Like dplyr::group_by(), but for patterns. tar_group() allows you to map or cross over subsets of data frames. Requires iteration = "group" on the target. See the example.

Usage

tar_group(x)

Arguments

x

Grouped data frame from dplyr::group_by()

Value

A data frame with a special tar_group column that targets will use to find subsets of your data frame.

Details

The goal of tar_group() is to post-process the return value of a data frame target to allow downstream targets to branch over subsets of rows. It takes the groups defined by dplyr::group_by() and translates that information into a special tar_group is a column. tar_group is a vector of positive integers from 1 to the number of groups. Rows with the same integer in tar_group belong to the same group, and branches are arranged in increasing order with respect to the integers in tar_group.

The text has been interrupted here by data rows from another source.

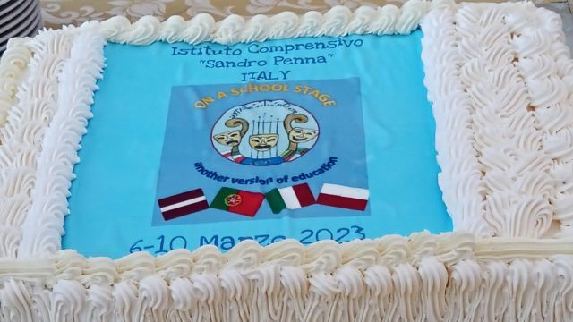 Po zakończeniu spektaklu odbyła się uroczystość wręczenia certyfikatów uczestnictwa w spotkaniu w Battipaglii i pożegnalny obiad. Miłym dodatkiem był pyszny tort pięknie udekorowany logiem naszego projektu.
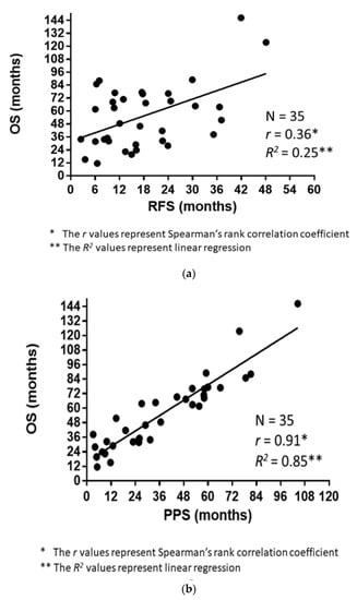- Imai, H.; Mori, K.; Ono, A.; Akamatsu, H.; Taira, T.; Kenmotsu, H.; Naito, T.; Kaira, K.; Murakami, H.; Endo, M.; et al. Individual-level data on the relationships of progression-free survival and post-progression survival with overall survival in patients with advanced non-squamous non-small cell lung cancer patients who received second-line chemotherapy. Med. Oncol. 2014, 31, 88. [Google Scholar] [CrossRef] [PubMed]
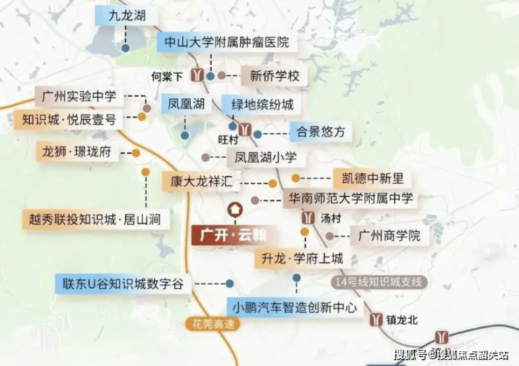 尽管广开云翰距离地铁14号线汤村站有一定距离,约2公里,步行不太现实,但周边的交通网络正逐步完善,为住户出行提供多种选择。14号线串联起从化、知识城与天河等区域,为住户前往广州中心城区提供了便利。未来,随着永九快速(建设中)等交通干道的建成,驾车出行将更加高效,快速接驳科学城及天河,大大缩短通勤时间。同时,项目周边的高速公路网络发达,花莞高速知识城出口、广河高速、华南快速干线以及建设中的从埔高速,让住户能够便捷地畅行湾区核心城市群。无论是前往深圳、东莞等城市开展商务活动,还是到周边城市休闲旅游,都能轻松实现,真正实现了轻松穿梭湾区各处,满足住户多样化的出行需求。
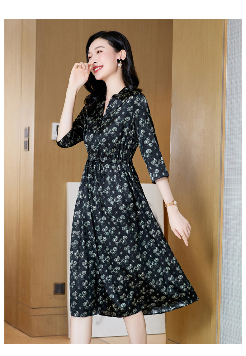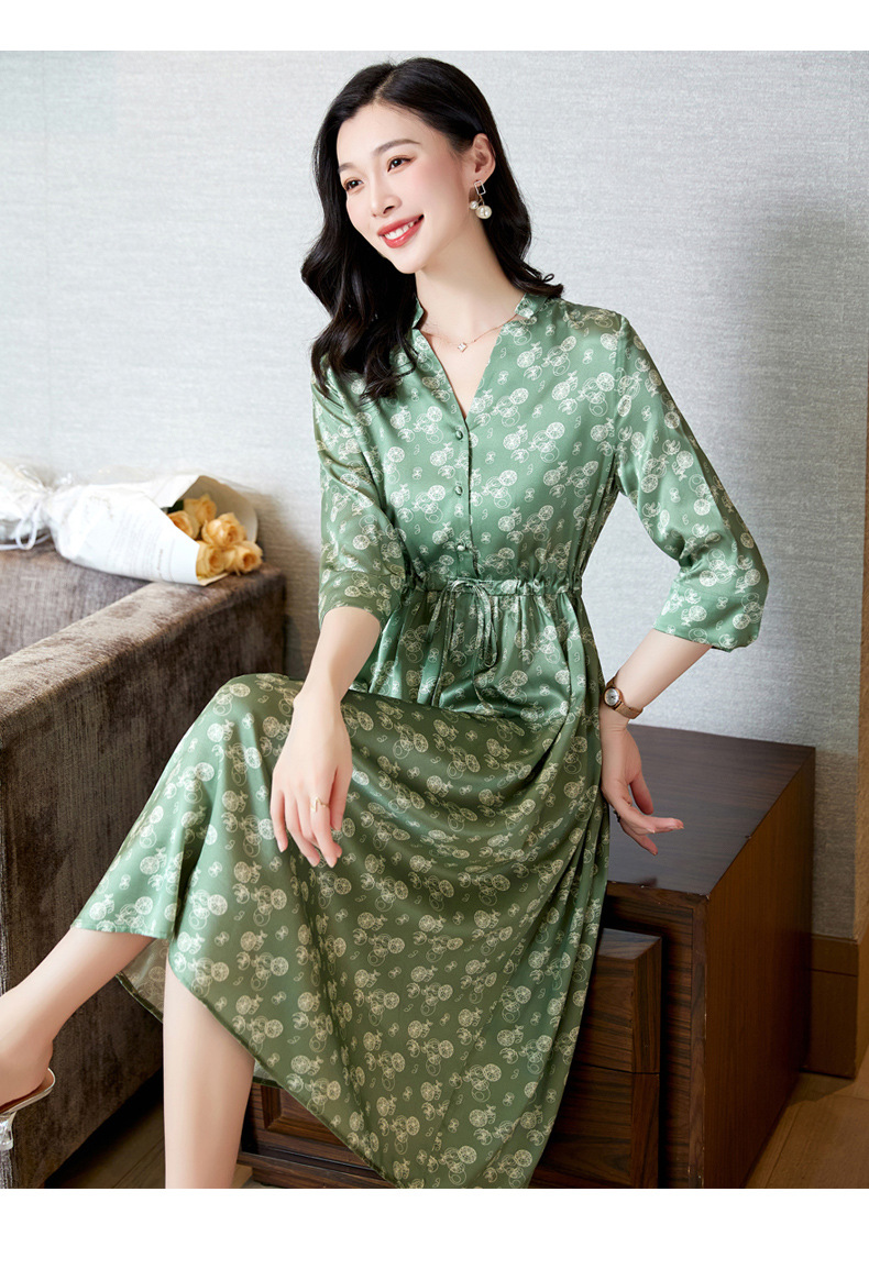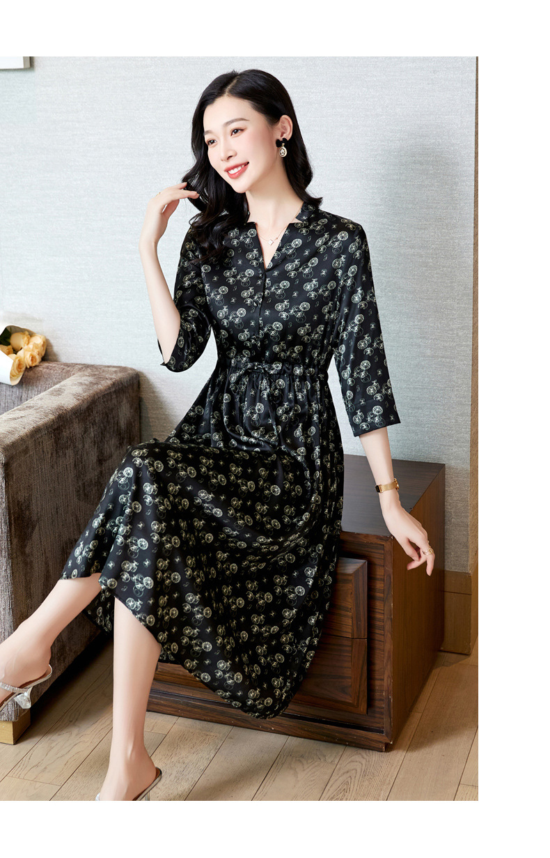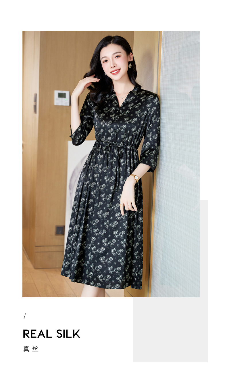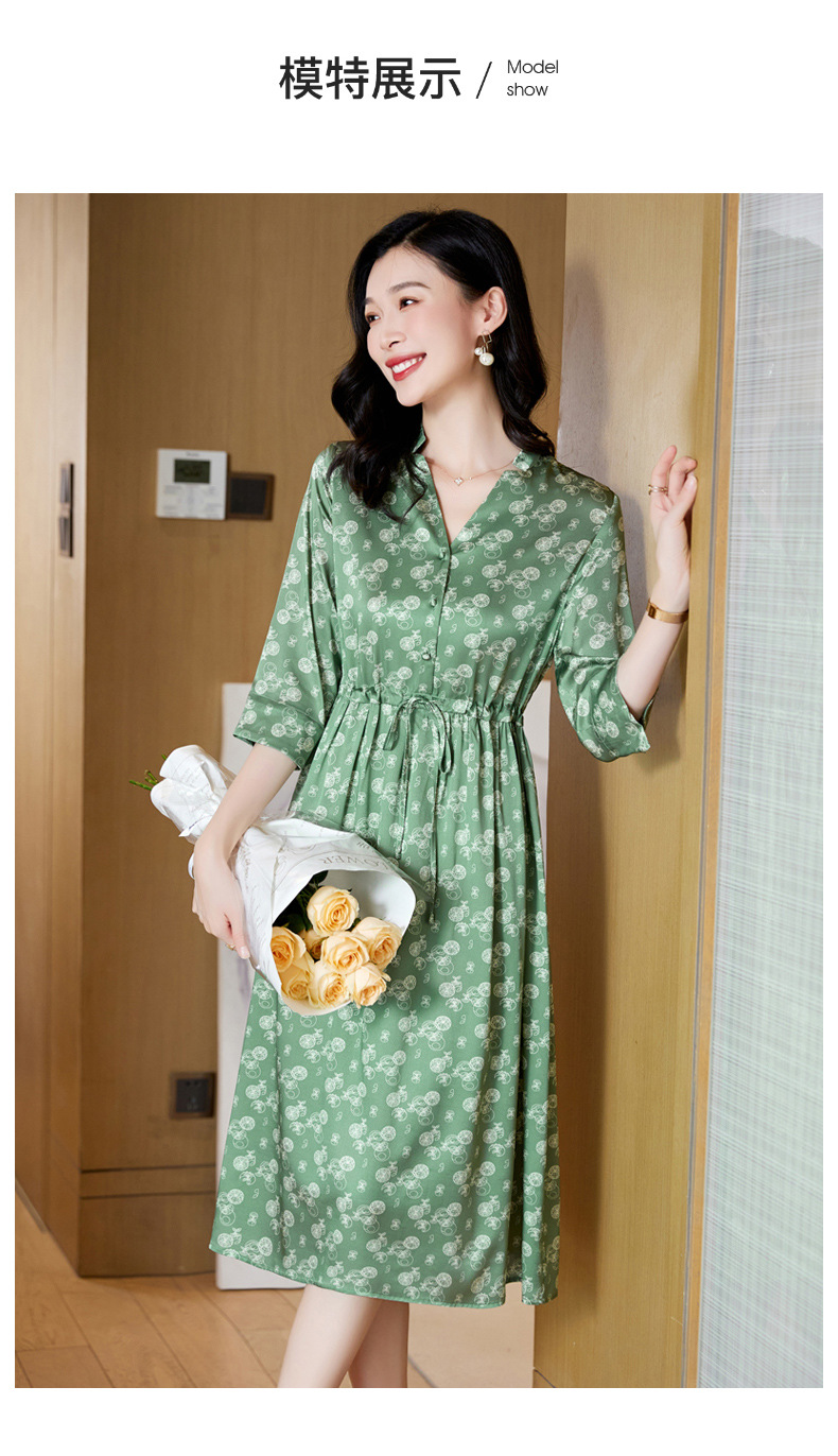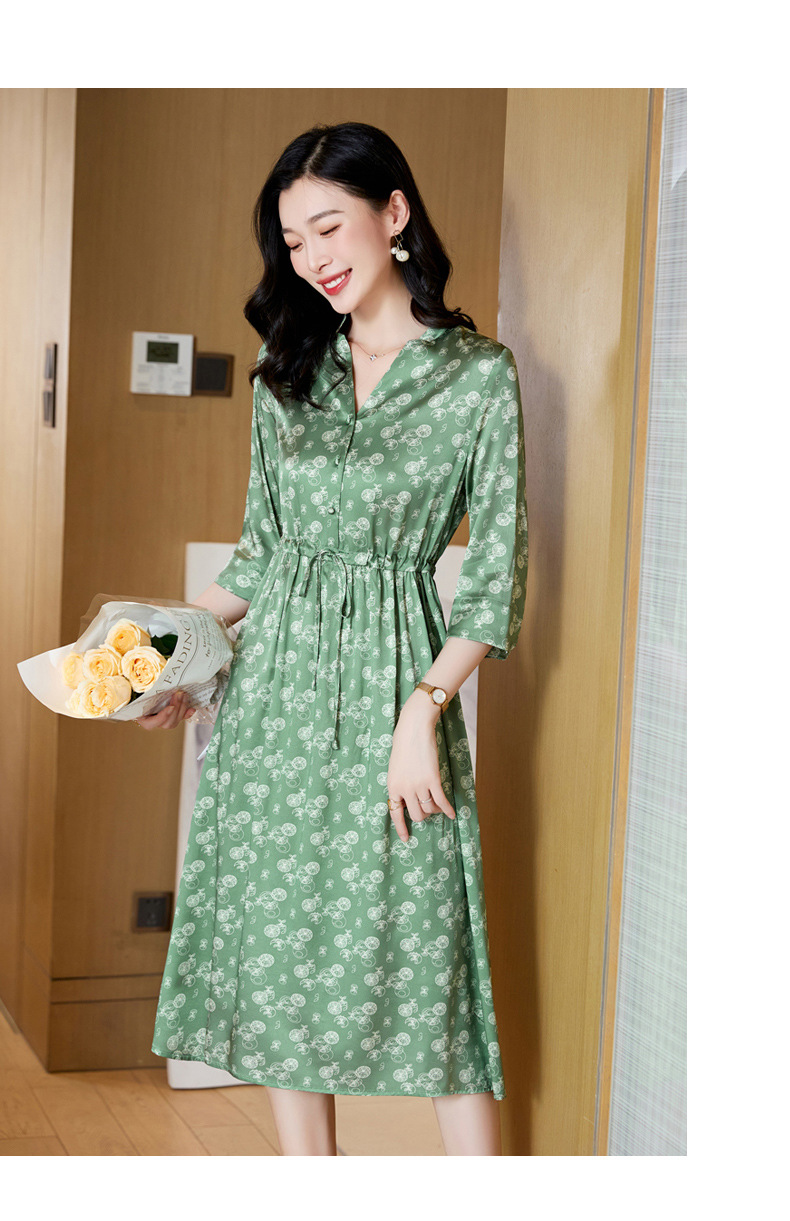 ASE-23068印染V领气质百搭时尚真丝连衣裙

The assignment of tar_group integers to group levels depends on the orderings inside the grouping variables and not the order of rows in the dataset. dplyr::group_keys() on the grouped data frame shows how the grouping variables correspond to the integers in the tar_group column.

Examples

if (identical(Sys.getenv("TAR_EXAMPLES"), "true")) { # for CRAN
# The tar_group() function simply creates
# a tar_group column to partition the rows
# of a data frame.
data.frame(
  x = seq_len(6),
  id = rep(letters[seq_len(3)], each = 2)
) %>%
  dplyr::group_by(id) %>%
  tar_group()
# We use tar_group() below to branch over
# subsets of a data frame defined with dplyr::group_by().
tar_dir({ # tar_dir() runs code from a temp dir for CRAN.
tar_script({
library(dplyr)
list(
  tar_target(
    data,
    data.frame(
      x = seq_len(6),
      id = rep(letters[seq_len(3)], each = 2)
    ) %>%
      group_by(id) %>%
      tar_group(),
    iteration = "group"
  ),
  tar_target(
    sums,
    sum(data$x),
    pattern = map(data),
    iteration = "vector"
  )
)
})
tar_make()
tar_read(sums) # Should be c(3, 7, 11).
})
}